IWF counts 6,310 illegal AI images in just six months
October 5, 2026

The Internet Watch Foundation found 40 percent more AI-generated child sexual abuse images in the first half of 2026 than in all of 2025. New images can evade known hash blocks.
What this is about
The Internet Watch Foundation (IWF) published new figures on AI-generated child sexual abuse material on October 5, 2026. Its specialists assessed 6,310 AI-generated still images as illegal between January 1 and June 30. That is 40 percent more than the 4,512 images recorded during the whole of 2025.
The figure is not an estimate for the entire internet. It covers only images submitted to the UK-based hotline and legally assessed by trained specialists. Even so, the comparison shows how quickly new variants can be produced. The IWF is therefore calling for EU rules that do not address only files that are already known.
What the IWF actually does
The IWF finds, assesses, and reports child sexual abuse imagery online. Confirmed files receive a digital fingerprint known as a hash. Platforms and law enforcement can use it to recognize and block known copies without opening the image again each time.
Generative systems make the problem harder: offenders can create new images or alter real photographs of victims. Each new file initially has no known fingerprint. It must be found and assessed before its hash can be added to blocklists. According to the IWF, these manipulations can retraumatize survivors even when the source image has been altered.
Why it matters
Of 6,221 images for which age and gender were recorded, 98 percent depicted girls. There were 2,534 images of children aged seven to ten, 2,369 of children aged eleven to 13, 1,004 of children aged three to six, and 190 of infants and toddlers under two. Children aged seven to 13 therefore accounted for 79 percent, up from 70 percent in 2025.
The Guardian notes that this statistic covers still images only. At the same time, the Report Remove service had already received 420 reports in 2026 from children concerning fake or manipulated intimate images of themselves, compared with 397 during all of 2025. This makes the debate practical: it concerns real victims, moderation, law enforcement, and how newly created content can be detected.
In plain language
A hash filter works like a list of previously stolen bicycles with unique frame numbers. If the same bicycle appears again, it can be recognized quickly. A generator, however, can keep producing new “frame numbers.” A list of known files is therefore not enough on its own; new cases must also be discovered, assessed, and reported.
A practical example
Suppose a platform receives 100,000 image uploads in one day. Hash matching can immediately filter out known prohibited files. But the remaining uploads may include newly generated variants that are not yet in any database. The platform therefore also needs additional, legally controlled detection, trained reviewers, secure reporting routes, and clear escalation rules.
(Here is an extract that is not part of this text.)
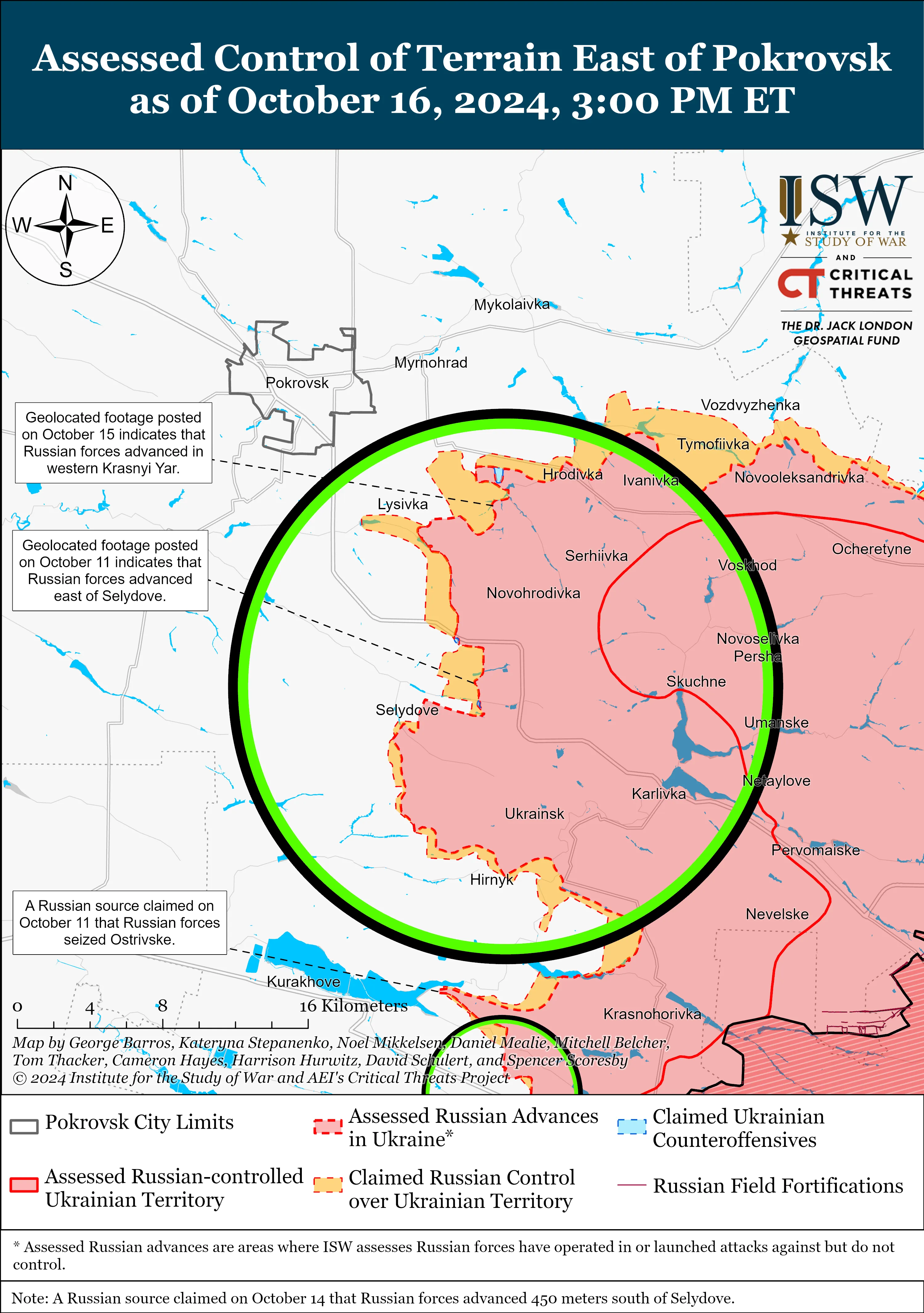 16 октября Министерство обороны России сообщило о захвате Красного Яра, расположенного к юго-востоку от Покровска. Кроме того, российский блогер утверждал, что российские войска продвинулись на юго-запад от Селидово.

For parents and young people, this means no single privacy setting provides a guarantee. Private accounts and limited recipient groups can reduce the public availability of personal photographs. They cannot replace platform safeguards or investigations when images are stolen or manipulated.
Scope and limits
First, the IWF measures only the material it assessed; the global total cannot be calculated from these figures. Second, the half-year results are not automatically comparable with every statistic from other hotlines because collection methods and laws can differ. Third, technology alone cannot solve the problem: automated detection can make mistakes, miss previously unseen content, and affect privacy and fundamental rights when deployed broadly.
The data also does not establish which model generated a particular image or how many offenders are behind the files. Effective rules must therefore address child protection, evidence preservation, independent oversight, and proportionate procedures together.
SEO & GEO keywords
Internet Watch Foundation, IWF, AI-generated child abuse, CSAM, hash matching, EU child protection, generative AI, platform moderation, online safety, deepfake abuse
💡 In plain English
The IWF found more illegal AI images in the first half of 2026 than during all of the previous year. Known images can be blocked by hash, but newly generated variants first have to be found and assessed.
Key Takeaways
- →The IWF assessed 6,310 AI-generated images as illegal in the first half of 2026.
- →That was 40 percent more than the 4,512 images recorded during all of 2025.
- →Girls appeared in 98 percent of images for which age and gender were recorded.
- →Hash matching blocks known files but does not automatically detect new variants.
- →The figures are IWF case data, not an estimate of the global total.
FAQ
What exactly did the IWF count?
It counted AI-generated still images reviewed between January and June 2026 that specialists assessed as child sexual abuse imagery under applicable law.
Why are hash blocklists not enough?
A hash recognizes known files. Newly generated or altered images initially have a different fingerprint and must first be discovered and assessed.
Are 6,310 images the worldwide total?
No. The number covers only images assessed by the IWF and cannot be used as a complete estimate for the internet.
Which age group appeared most often?
Children aged seven to 13 accounted for 79 percent of the images recorded by the IWF.